Absolute Convergence for Series
A series $\displaystyle \sum_{k=0}^{\infty}a_k$ is said to converge absolutely at $x$ if $ \displaystyle \sum_{k=0}^{\infty}\left|a_k\right| $ also converges.
A series $\displaystyle \sum_{k=0}^{\infty}a_k$ is said to converge conditionally at $x$ if $ \displaystyle \sum_{k=0}^{\infty}\left|a_k\right| $ diverges.
The Ratio Test for Series
Let $\displaystyle \sum_{k=1}^{\infty} a_k$ be a series with nonzero terms and let $$L=\lim_{k\rightarrow \infty}\left|\frac{a_{k+1}}{a_k}\right|.$$ If $0 \leq L \lt 1,$ the series converges absolutely.

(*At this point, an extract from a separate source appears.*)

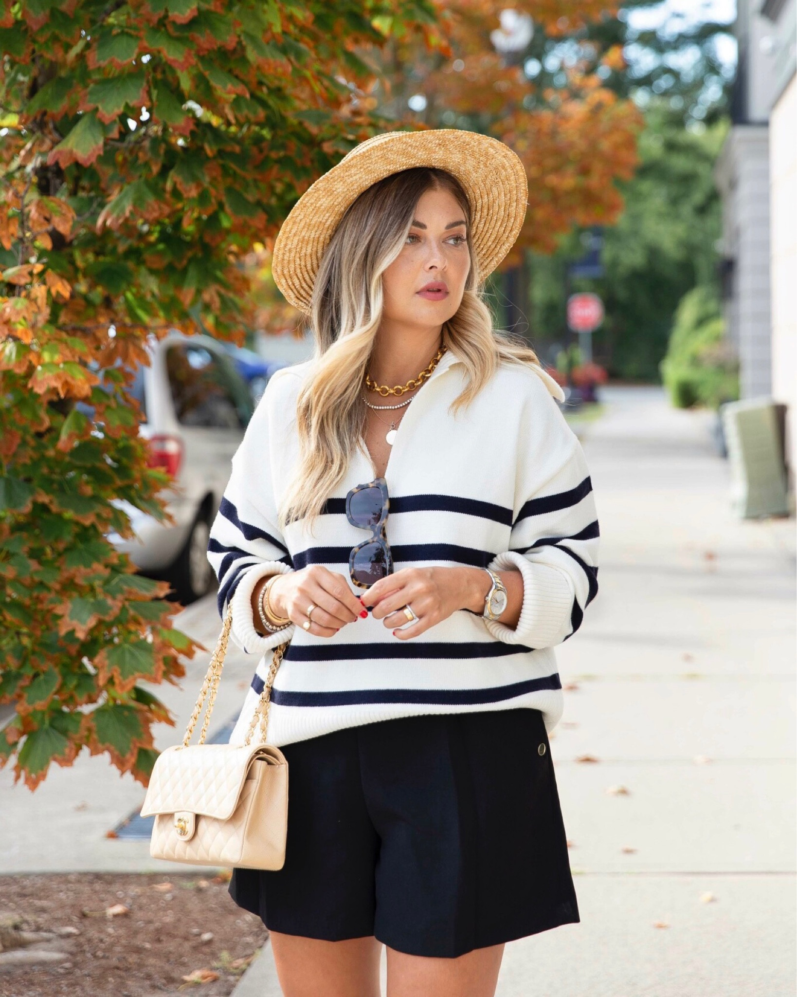 The effortlessly chic ensemble pairs a classic striped sweater with tailored shorts, creating a timeless nautical vibe perfect for a summer day. The ensemble is accessorized perfectly with a statement straw hat, chunky gold jewelry, and a sophisticated crossbody bag, adding a touch of elegance to a casual look.

If $L \gt 1$ or $L=\infty,$ the series diverges.
If $L=1,$ the test is inconclusive.
Absolute Convergence for Power Series
A series $\displaystyle \sum_{k=0}^{\infty}a_k(x-x_0)^k$ is said to converge absolutely at $x$ if $ \displaystyle \sum_{k=0}^{\infty}\left|a_k(x-x_0)^k\right| $ also converges.
A series $\displaystyle \sum_{k=0}^{\infty}a_k(x-x_0)^k$ is said to converge conditionally at $x$ if $ \displaystyle \sum_{k=0}^{\infty}\left|a_k(x-x_0)^k\right| $ diverges.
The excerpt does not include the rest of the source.